Les jours brûlants / Laurence Peyrin – Editions Calmann Levy – mars 2020 – 324p

Lola lit Broadway ♥

Broadway c’est l’histoire d’un type -père de famille, marié, vie routinière dans une maison en lotissement entre barbecues de voisinage et apéros avec les copains- qui reçoit un courrier de la CPAM l’invitant à faire pratiquer un test de dépistage du cancer colorectal pour ses 50 ans. Or il n’a que 46 ans. Incompréhensible ! Entre angoisse et colère, Axel imagine toutes les raisons pour lesquelles il a reçu cette enveloppe bleue si compromettante. Parallèlement son adolescent de fils se fait choper au lycée alors qu’il a dessiné 2 de ses profs s’adonnant à une levrette et c’est à lui de gérer la situation. Axel passe son temps à se faire des films, à se jouer ou se rejouer les scènes de sa vie : comment il aurait dû, ce qu’il aurait pu faire ou dire, avec son voisin, ses copains, la prof… Parce que 46 ans, c’est presque l’heure de l’enveloppe bleue mais c’est surtout l’heure des bilans, mises au point, remises en questions et autres interrogations de milieu de vie. Et si c’était l’heure de vivre enfin comme à Broadway ?

C’est tellement drôle et plutôt bien écrit. Un bon roman qui fait beaucoup de bien ! ♥


Broadway / Fabrice Caro – Editions Gallimard – août 2020 – 208p

 

Lola lit La république du bonheur

Kamakura est une charmante petite ville côtière au sud de Tokyo, c’est là que vit Hatoko dite Poppo. Elle y tient la papeterie Tsubaki, héritée de sa grand’mère, où elle est aussi écrivain public. Cette année est très particulière pour Poppo puisqu’elle vient d’épouser Mitsurô et de ce fait se retrouve maman de la petite Haru. Poppo aime profondément la petite fille, elle prend son rôle de maman très à cœur, et découvre le bonheur d’une vie de famille dont elle a cruellement manqué dans son enfance, ayant été élevée sévèrement par sa grand’mère. Elle est très bien accueillie par ses beaux-parents auxquels elle rend visite avec son gentil époux et son adorable petite belle-fille, elle est acceptée comme épouse et comme maman remplaçante de Miyuri, décédée. Poppo, plutôt solitaire, doit s’habituer à sa nouvelle vie où tout est partagé, l’espace et le temps.

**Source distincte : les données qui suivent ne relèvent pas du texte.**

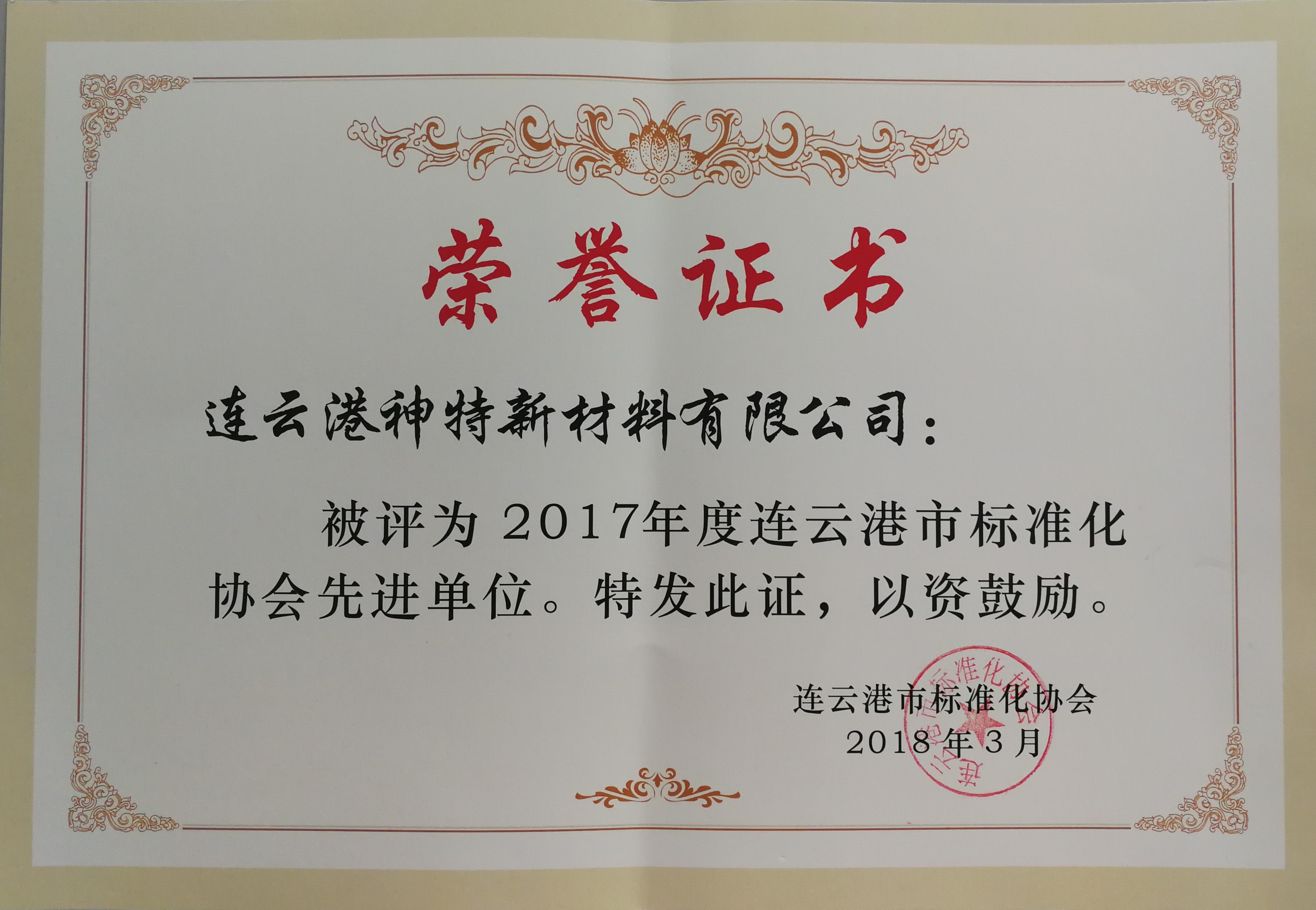 4月2日,神特公司參加由市標準化協(xié)會組織的2018年會員大會,被批準為連云港市標準化協(xié)會團體會員單位,并被評為2017年度連云港市標準化協(xié)會先進單位。

Parallèlement, elle continue à écrire des lettres d’amour, de rupture, de souvenirs pour ses clients.

Un roman japonais où le temps passe lentement, où le bonheur se trouve dans le goût d’un mochi, l’odeur des feuilles de thé fraîchement ramassées, la cuisson des boulettes de riz gluant… Un roman d’amour maternel, de bienveillance et de respect. Un roman très facile à lire, sans surprise, sans suspens, ni rebondissement, tout en délicatesse et sensibilité.

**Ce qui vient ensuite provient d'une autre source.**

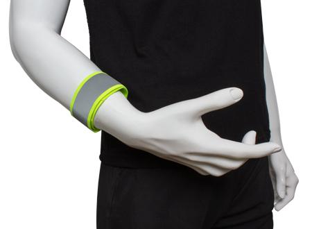 Banda (cinta) elástica reflectante para brazo, con 3 ajustes de velcro. Se puede usar en muñeca, antebrazo o sobre el bíceps. Viene en práctica bolsa de polipropileno con orificio para colgar en ganchera.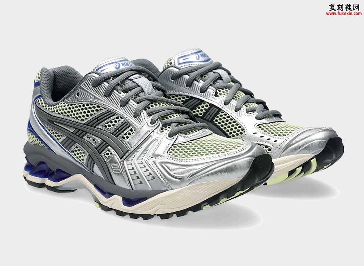 Gel-Kayano 14 采用醒目的蕨类绿色进行改造。这种颜色覆盖了合成皮革覆盖层和透气的网眼鞋面。以自然为灵感的颜色引人注目,提供清新而现代的外观。宝蓝色外底增添了活力,与整体设计形成鲜明对比。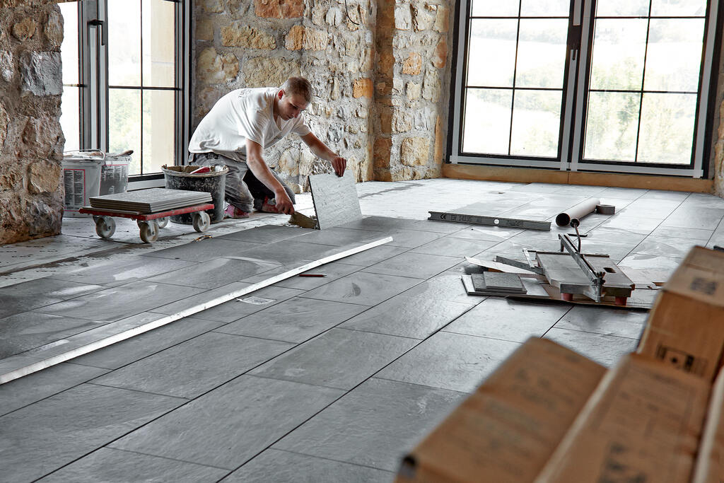 PCI Nanofug Premium war für Fliesenleger Erhard Lambert der Fugenmörtel der Wahl – er setzte ihn universell bei den Fliesenbelägen im „Domaine der la Klauss“ ein. Der variable Flexfugenmörtel ist ein Allrounder und speziell geeignet für Feinsteinzeug- und Steinzeugbeläge. Wie der Nanolight-Kleber punktet auch der Nanofug Premium-Mörtel mit geschmeidiger Konsistenz, komfortabler Verarbeitungszeit und erhöhter Abbindegeschwindigkeit – dadurch lässt er sich sehr angenehm und sehr effektiv verarbeiten. Zusätzlich bietet die ausgehärtete Fuge enorme Vorteile: Die feine Struktur der Fugenoberfläche begünstigt das Abperlen des Wassers (waterdrop effect), mit dem Effekt, dass Schmutzpartikel nicht so leicht anhaften. Der Schmutz setzt sich kaum fest, die Fuge lässt sich einfacher reinigen. Auch Schimmelpilze und Bakterien haben keine Chance – dank der speziellen Rezeptur des Fugenmörtels und seiner werkstoffbedingten Alkalität.

La République du bonheur est la suite de La papeterie Tsubaki mais peut se lire indépendamment. N’ayant pas lu le précédent et ne sachant pas qu’il s’agissait d’une suite, j’ai découvert Hatako, des bribes de son histoire, la papeterie, les clients… et j’ai trouvé qu’il manquait quelque chose à ce roman, qu’il était un peu lacunaire. Il m’a manqué notamment des informations sur Hatako pour me permettre de comprendre sa façon d’accueillir ce bonheur familial. De plus, certains personnages reviennent (Le baron et madame Barbara notamment) et leur histoire continue mais le début est dans l’autre roman, du coup je n’ai pas réussi à m’attacher à eux. A mon avis, on apprécie bien mieux ce roman si on a lu le précédent.

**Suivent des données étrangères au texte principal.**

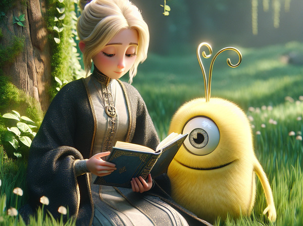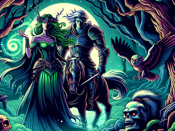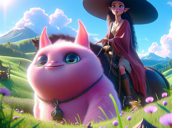 a Witch and Majin Boo riding a Horse in the Meadow -

La république du bonheur / Ito OGAWA – Editions Picquier – août 2020 – 282p

Lola lit La Rentrée Littéraire automne 2020

Chaque année septembre en France, c’est le mois de l’effervescence ! Enfants, parents, lecteurs-trices partagent des sentiments communs et intenses,entre impatience, curiosité, excitation et appréhension, dans l’attente du Grand Jour de la rentrée, scolaire pour les un-e-s, littéraire pour les autres.

Septembre 2020, malgré la crise sanitaire, aura sa grande Rentrée Littéraire avec pas moins de 511 romans soit presque autant que l’année dernière. La production littéraire étrangère, quant à elle, continue de diminuer, passant de 188 en 2019 à 145 cette année. Mais la mauvaise nouvelle concerne les premiers romans, il faudra se contenter de 65 potentielles grandes découvertes, coups de maître, de cœur ou de foudre.

Comme chaque année, comme devant une vitrine de Cyril Lignac, j’ai l’eau à la bouche juste en pensant à ce que je vais lire. Certaines lectures  s’imposent, d’autres moins. Après quantité de titres barrés, gommés, réécrits sur mes multiples listes, je crois que je suis prête !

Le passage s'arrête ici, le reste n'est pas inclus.